* [INFORMATION PROVIDED]:
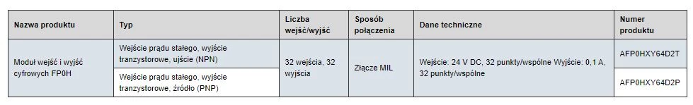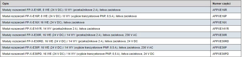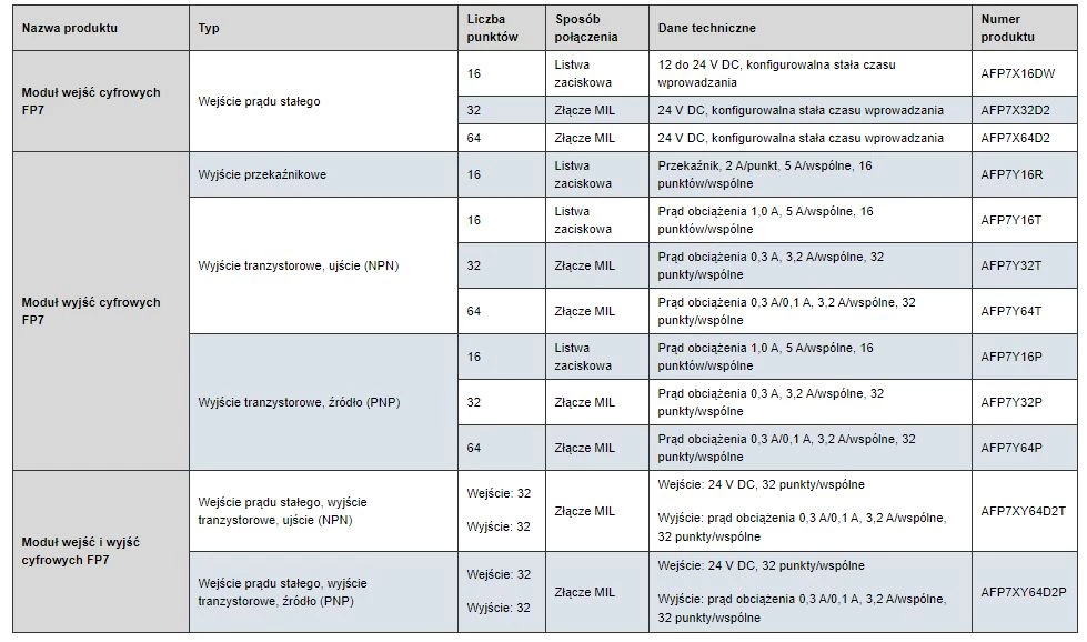 Moduły binarne dedykowane do współpracy ze sterownikami PLC Panasonic FP. W ofercie znajdują się moduły wejść cyfrowych, moduły wyjść tranzystorowych, modły wyjść przekaźnikowych oraz modułu mieszane. W zależności od wykonania różnią się nie tylko typem punktów wejść/wyjść ale również liczbą. Rozszerzenia cyfrowe FP przystosowane są do montażu na szynie DIN z prawej strony jednostki głównej.
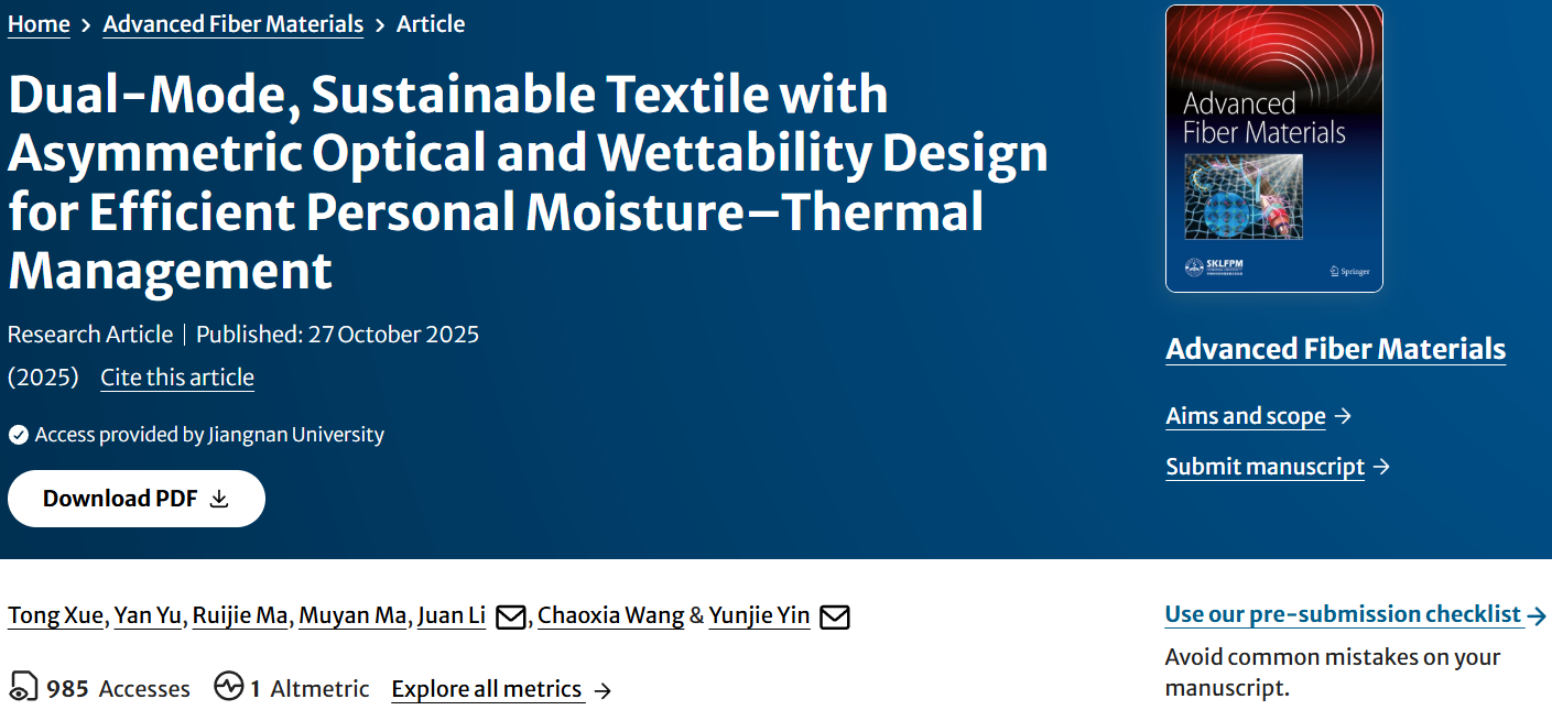 近日,我院智能纺织新材料研究室殷允杰教授在国际顶级期刊Advanced Fiber Materials上在线发表了题为“Dual-Mode, Sustainable Textile with Asymmetric Optical and Wettability Design for Efficient Personal Moisture-Thermal Management”的研究论文。该研究通过分层静电纺丝技术,制备了一种具有不对称光学性能、润湿性和孔径分布的双模式聚乳酸基个人热管理纺织品(DMTex),用于高效的个人湿热管理。独特的光学结构设计和功能颗粒的添加使DMTex具有优异的光学性能。三层结构设计赋予DMTex优异的单向导湿和防反渗性能。同时,DMTex还具有良好的耐磨性、生物相容性和可降解性。这种双模且可持续的DMTex在实现高效的个人湿-热舒适性方面展现出巨大潜力。一本道无码
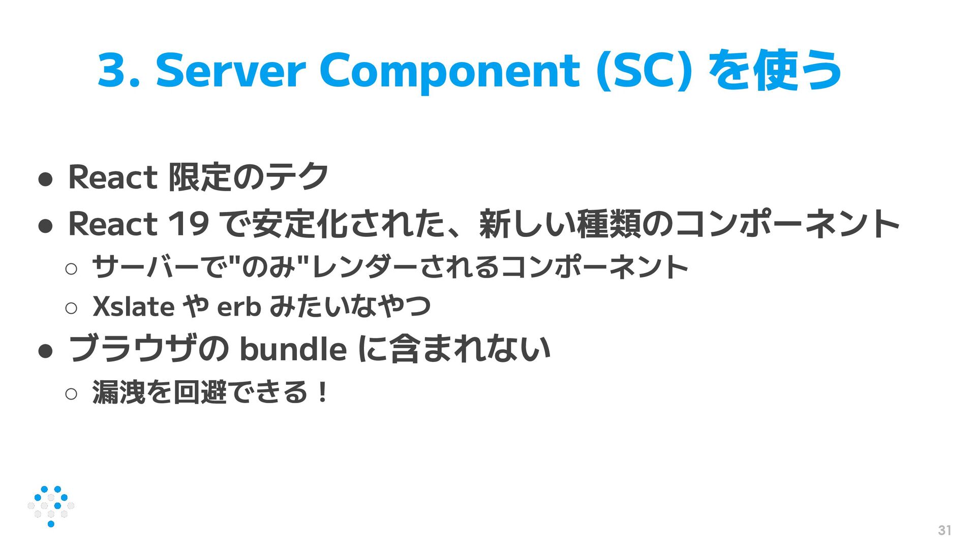31 3. Server Component (SC) を使う • React 限定のテク •
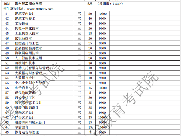 泉州轻工职业学院2021高职分类招生计划
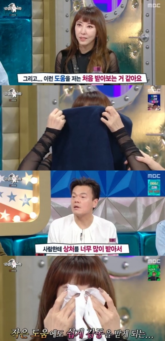 이어 그는 "근데 답장을 보고 울었다. 너무 감동을 받았다. 그리고 이런 도움을 살면서 처음 받아본 것 같다"며 울먹였다. 그러면서 "효리에게는 '언니 존재 자체가 우리한테 큰 힘이야'라는 문자를 받았다"며 이야기를 하던 중 눈물을 쏟아냈다.
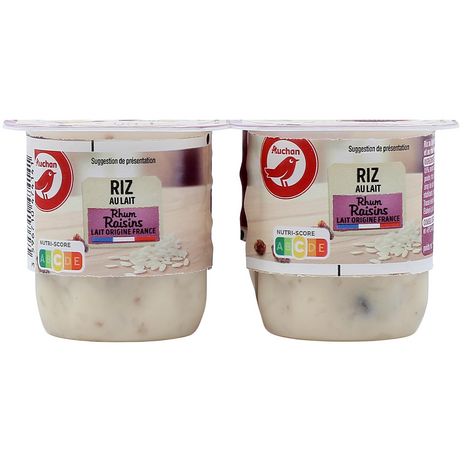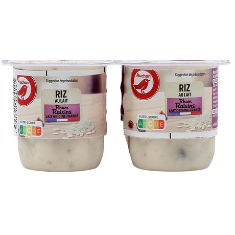 Avec le Riz au lait Rhum raisins Auchan savourez un délicieux riz au lait à la texture crémeuse, fabriqué avec du lait origine France
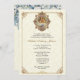 Apresentando um belo costume católico desenhado pelo Baptismo Christening Convite Floral Os anjos guardiães observando um lindo bebê incrustado em uma estrutura de ouro com spray floral azul e branco. Todos os textos e fontes podem ser modificados.
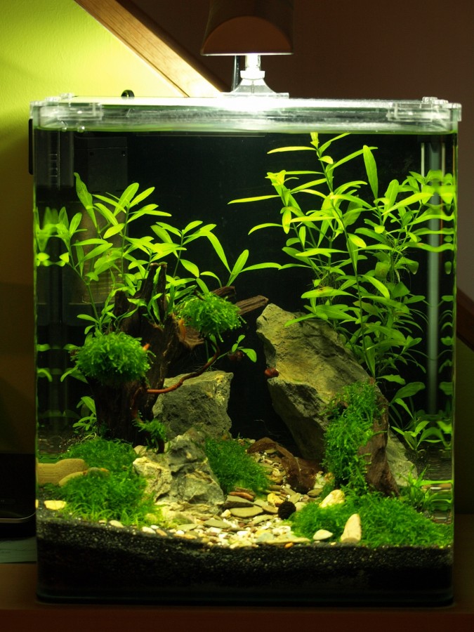 Seit Janauar hab ich mir, nach fast einem Jahr rumüberlegen, ein Nanoaquarium zugelegt. Das Becken lieft gut ein. Alle Pflanzen, außer die

* [EXERCISE AIM]:
Write out again, exactly, the lines from the start of the listing up to the line containing "중 눈물을 쏟아냈다.", with both ends and without pictures.

* [SOLUTION TO THE EXERCISE]:
 Moduły binarne dedykowane do współpracy ze sterownikami PLC Panasonic FP. W ofercie znajdują się moduły wejść cyfrowych, moduły wyjść tranzystorowych, modły wyjść przekaźnikowych oraz modułu mieszane. W zależności od wykonania różnią się nie tylko typem punktów wejść/wyjść ale również liczbą. Rozszerzenia cyfrowe FP przystosowane są do montażu na szynie DIN z prawej strony jednostki głównej.
 近日,我院智能纺织新材料研究室殷允杰教授在国际顶级期刊Advanced Fiber Materials上在线发表了题为“Dual-Mode, Sustainable Textile with Asymmetric Optical and Wettability Design for Efficient Personal Moisture-Thermal Management”的研究论文。该研究通过分层静电纺丝技术,制备了一种具有不对称光学性能、润湿性和孔径分布的双模式聚乳酸基个人热管理纺织品(DMTex),用于高效的个人湿热管理。独特的光学结构设计和功能颗粒的添加使DMTex具有优异的光学性能。三层结构设计赋予DMTex优异的单向导湿和防反渗性能。同时,DMTex还具有良好的耐磨性、生物相容性和可降解性。这种双模且可持续的DMTex在实现高效的个人湿-热舒适性方面展现出巨大潜力。一本道无码
31 3. Server Component (SC) を使う • React 限定のテク •
 泉州轻工职业学院2021高职分类招生计划
 이어 그는 "근데 답장을 보고 울었다. 너무 감동을 받았다. 그리고 이런 도움을 살면서 처음 받아본 것 같다"며 울먹였다. 그러면서 "효리에게는 '언니 존재 자체가 우리한테 큰 힘이야'라는 문자를 받았다"며 이야기를 하던 중 눈물을 쏟아냈다.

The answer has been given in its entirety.